━━ Supplied material
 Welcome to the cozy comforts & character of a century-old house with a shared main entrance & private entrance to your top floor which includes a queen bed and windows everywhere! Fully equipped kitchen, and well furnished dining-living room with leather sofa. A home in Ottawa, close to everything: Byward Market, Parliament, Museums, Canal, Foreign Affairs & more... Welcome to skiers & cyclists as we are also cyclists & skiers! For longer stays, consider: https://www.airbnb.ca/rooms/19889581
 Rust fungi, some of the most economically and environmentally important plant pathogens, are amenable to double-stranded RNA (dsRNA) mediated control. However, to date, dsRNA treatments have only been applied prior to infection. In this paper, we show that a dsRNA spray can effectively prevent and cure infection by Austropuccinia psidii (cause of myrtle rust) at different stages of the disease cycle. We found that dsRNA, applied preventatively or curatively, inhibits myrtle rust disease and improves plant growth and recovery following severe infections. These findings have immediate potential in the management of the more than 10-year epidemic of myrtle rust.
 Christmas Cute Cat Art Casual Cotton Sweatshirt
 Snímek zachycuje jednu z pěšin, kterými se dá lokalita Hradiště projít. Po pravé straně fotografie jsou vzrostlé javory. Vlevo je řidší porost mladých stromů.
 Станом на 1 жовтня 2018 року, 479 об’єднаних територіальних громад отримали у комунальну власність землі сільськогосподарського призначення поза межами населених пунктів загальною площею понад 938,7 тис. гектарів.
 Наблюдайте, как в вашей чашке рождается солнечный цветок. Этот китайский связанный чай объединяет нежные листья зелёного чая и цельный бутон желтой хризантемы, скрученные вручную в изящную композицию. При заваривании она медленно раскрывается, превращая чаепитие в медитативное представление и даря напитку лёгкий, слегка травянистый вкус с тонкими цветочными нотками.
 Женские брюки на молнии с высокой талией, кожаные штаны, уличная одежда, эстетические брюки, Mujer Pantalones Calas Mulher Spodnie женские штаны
━━━━
### Your assignment
Please return all of the entries shown above, exactly as they stand.

### Solution
 Welcome to the cozy comforts & character of a century-old house with a shared main entrance & private entrance to your top floor which includes a queen bed and windows everywhere! Fully equipped kitchen, and well furnished dining-living room with leather sofa. A home in Ottawa, close to everything: Byward Market, Parliament, Museums, Canal, Foreign Affairs & more... Welcome to skiers & cyclists as we are also cyclists & skiers! For longer stays, consider: https://www.airbnb.ca/rooms/19889581
 Rust fungi, some of the most economically and environmentally important plant pathogens, are amenable to double-stranded RNA (dsRNA) mediated control. However, to date, dsRNA treatments have only been applied prior to infection. In this paper, we show that a dsRNA spray can effectively prevent and cure infection by Austropuccinia psidii (cause of myrtle rust) at different stages of the disease cycle. We found that dsRNA, applied preventatively or curatively, inhibits myrtle rust disease and improves plant growth and recovery following severe infections. These findings have immediate potential in the management of the more than 10-year epidemic of myrtle rust.
 Christmas Cute Cat Art Casual Cotton Sweatshirt
 Snímek zachycuje jednu z pěšin, kterými se dá lokalita Hradiště projít. Po pravé straně fotografie jsou vzrostlé javory. Vlevo je řidší porost mladých stromů.
 Станом на 1 жовтня 2018 року, 479 об’єднаних територіальних громад отримали у комунальну власність землі сільськогосподарського призначення поза межами населених пунктів загальною площею понад 938,7 тис. гектарів.
 Наблюдайте, как в вашей чашке рождается солнечный цветок. Этот китайский связанный чай объединяет нежные листья зелёного чая и цельный бутон желтой хризантемы, скрученные вручную в изящную композицию. При заваривании она медленно раскрывается, превращая чаепитие в медитативное представление и даря напитку лёгкий, слегка травянистый вкус с тонкими цветочными нотками.
 Женские брюки на молнии с высокой талией, кожаные штаны, уличная одежда, эстетические брюки, Mujer Pantalones Calas Mulher Spodnie женские штаны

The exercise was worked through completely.